» WHAT YOU SHOULD DO:
Make an exact transcript of the lines in the data below, starting with the one containing "キッズメニューも用意されてい" and going on through the one containing "这个巨大的包包括750 多种资产(更新:现在 800", with both included and the pictures left out.

» DATA FOR THIS EXERCISE:
──────
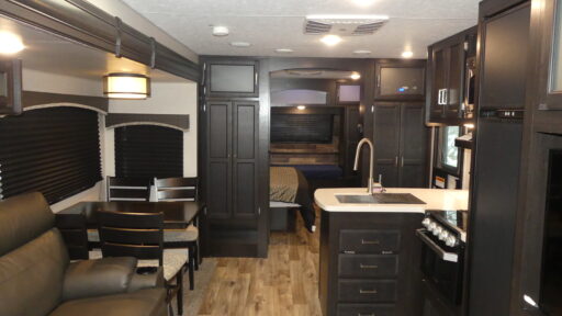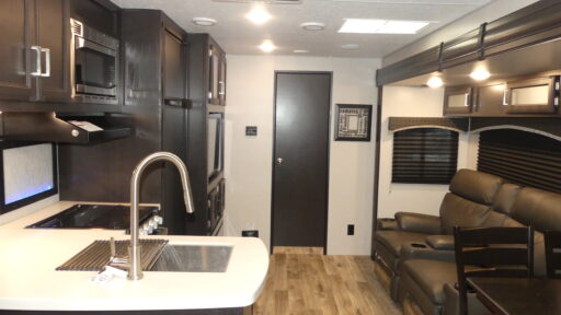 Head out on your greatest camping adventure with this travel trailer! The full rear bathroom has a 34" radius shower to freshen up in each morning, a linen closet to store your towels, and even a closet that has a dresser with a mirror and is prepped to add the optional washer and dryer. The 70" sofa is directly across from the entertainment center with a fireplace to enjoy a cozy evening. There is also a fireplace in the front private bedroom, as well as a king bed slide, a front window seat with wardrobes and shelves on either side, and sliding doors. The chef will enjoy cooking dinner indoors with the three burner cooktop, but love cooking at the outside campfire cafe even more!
──────
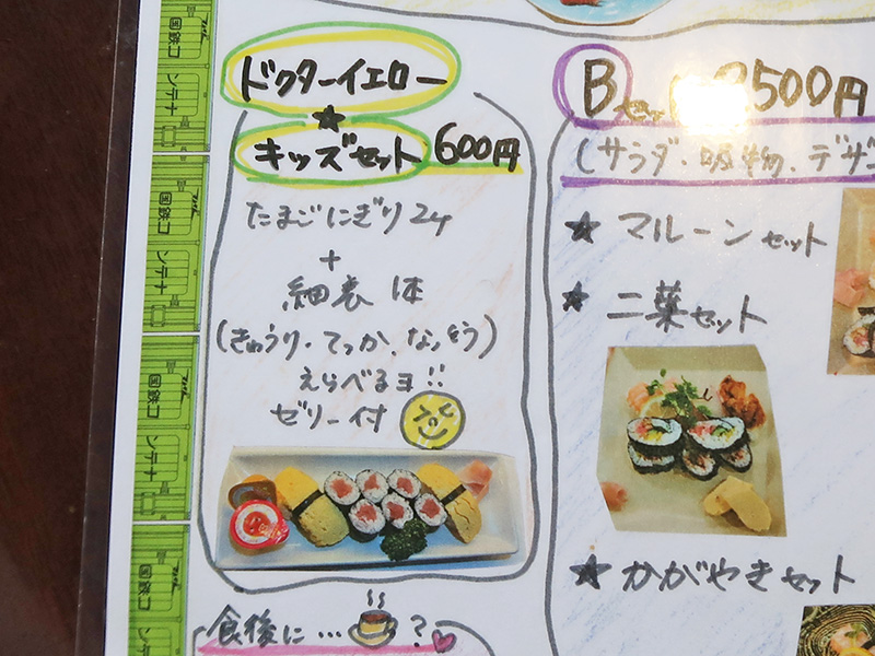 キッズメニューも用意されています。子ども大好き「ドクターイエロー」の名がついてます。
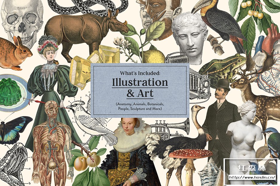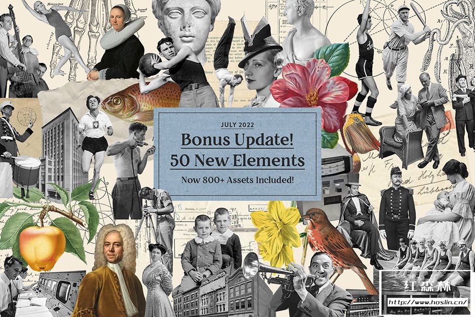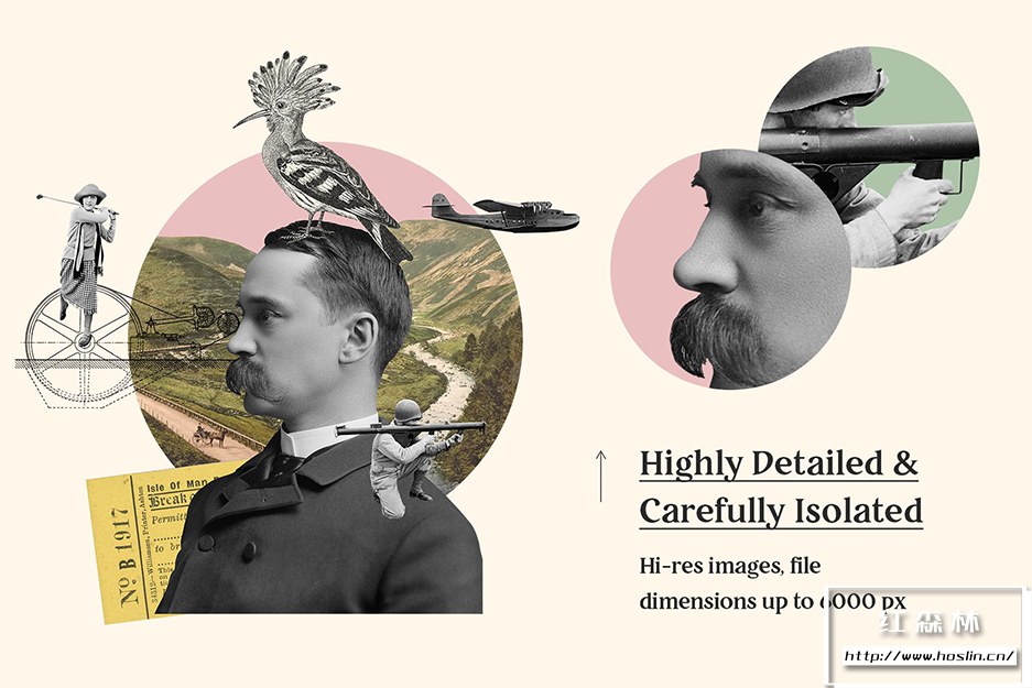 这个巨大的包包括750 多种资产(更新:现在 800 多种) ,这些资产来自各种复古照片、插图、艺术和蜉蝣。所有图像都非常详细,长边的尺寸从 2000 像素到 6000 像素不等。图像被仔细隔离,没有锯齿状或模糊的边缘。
──────
» EXERCISE RESULT:
 キッズメニューも用意されています。子ども大好き「ドクターイエロー」の名がついてます。
 这个巨大的包包括750 多种资产(更新:现在 800 多种) ,这些资产来自各种复古照片、插图、艺术和蜉蝣。所有图像都非常详细,长边的尺寸从 2000 像素到 6000 像素不等。图像被仔细隔离,没有锯齿状或模糊的边缘。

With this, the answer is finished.